Stepner, in a paper on real time operating systems that features a discussion of OSEK (the trade name of an automotive-specific real time operating system), states with regard to avoiding corruption of data: “One technique is the redundant storage of critical variables, and comparison prior to being used. Another is the grouping of critical variables together and keeping a CRC over each group.” (Stepner 1999, pg. 155).

Brown says “We’ve all heard stories of bit flips that were caused by cosmic rays or EMI” and goes on to describe a two-out-of-three voting scheme to recover from variable corruption. (Brown 1998 pp. 48-49). A variation of keeping only two copies permits detection but not correction of corruption. Brown also acknowledges that designers must account for software data corruption, saying “Another, and perhaps more common, cause of memory corruption is a rogue pointer, which can run wild through memory leaving a trail of corrupted variables in its wake.

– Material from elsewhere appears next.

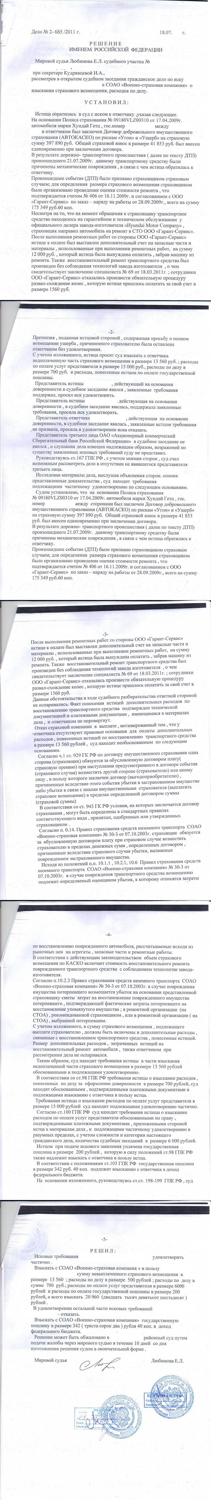 Ремонтные работы были выполнены ООО «Гарант-Сервис», после чего истице был предъявлен дополнительный счет на запасные части и материалы. Истица вынуждена была оплатить выставленную сумму. После этого она подала претензию страховой компании о полном возмещении ущерба, которая осталась без удовлетворения.

Regardless of the cause, the designer of safety-critical software must consider the threat that sometime, somewhere, a variable will be corrupted.” (id., p. 48).

Kleidermacher says: “When all of an application’s threads share the same memory space, any thread could—intentionally or unintentionally— corrupt the code, data, or stack of another thread. A misbehaved thread could even corrupt the kernel’s own code or internal data structures. It’s easy to see how a single errant pointer in one thread could easily bring down the entire system, or at least cause it to behave unexpectedly.” (Kleidermacher 2001, pg. 23). Kleidermacher advocates hardware memory protection, but in the absence of a hardware mechanism, software mechanisms are required to mitigate memory corruption faults.

Fault injection is a way to test systems to see how they respond to faults in memory or elsewhere (see also an upcoming post on that topic). Fault injection can be performed in hardware (e.g., by exposing a hardware circuit to a radiation source or by using hardware test features to modify bit values), or injected via software means (e.g., slightly modifying software to permit flipping bits in memory to simulate a hardware fault). In a research paper, Vinter used a hybrid hardware/software fault injection technique to corrupt bits in a computer running an automotive-style engine control application. The conclusions of this paper start by saying: “We have demonstrated that bit-flips inside a central processing unit executing an engine control program can cause critical failures, such as permanently locking the engine’s throttle at full speed.” (Vinter 2001). Fault injection remains a preferred technique for determining whether there are data corruption vulnerabilities that can result in unsafe system behavior.

References:
  • Brown, D., “Solving the software safety paradox,” Embedded System Programming, December 1998, pp. 44-52.
  • Kleidermacher, D. & Griglock, M., Safety-Critical Operating Systems, Embedded Systems Programming, Sept. 2001, pp. 22-36.
  • Seeger, M., Fault-Tolerant Software Techniques, SAE Report 820106, International Congress & Exposition, Society of Automotive Engineers, 1982, pp. 119-125.
  • Stepner, D., Nagarajan, R., & Hui, D., Embedded application design using a real-time OS, Design Automation Conference, 1999, pp. 151-156.
  • Vinter, J., Aidemark, J., Folkesson, P. & Karlsson, J., Reducing critical failures for control algorithms using executable assertions and best effort recovery, International Conference on Dependable Systems and Networks, 2001, pp. 347-356.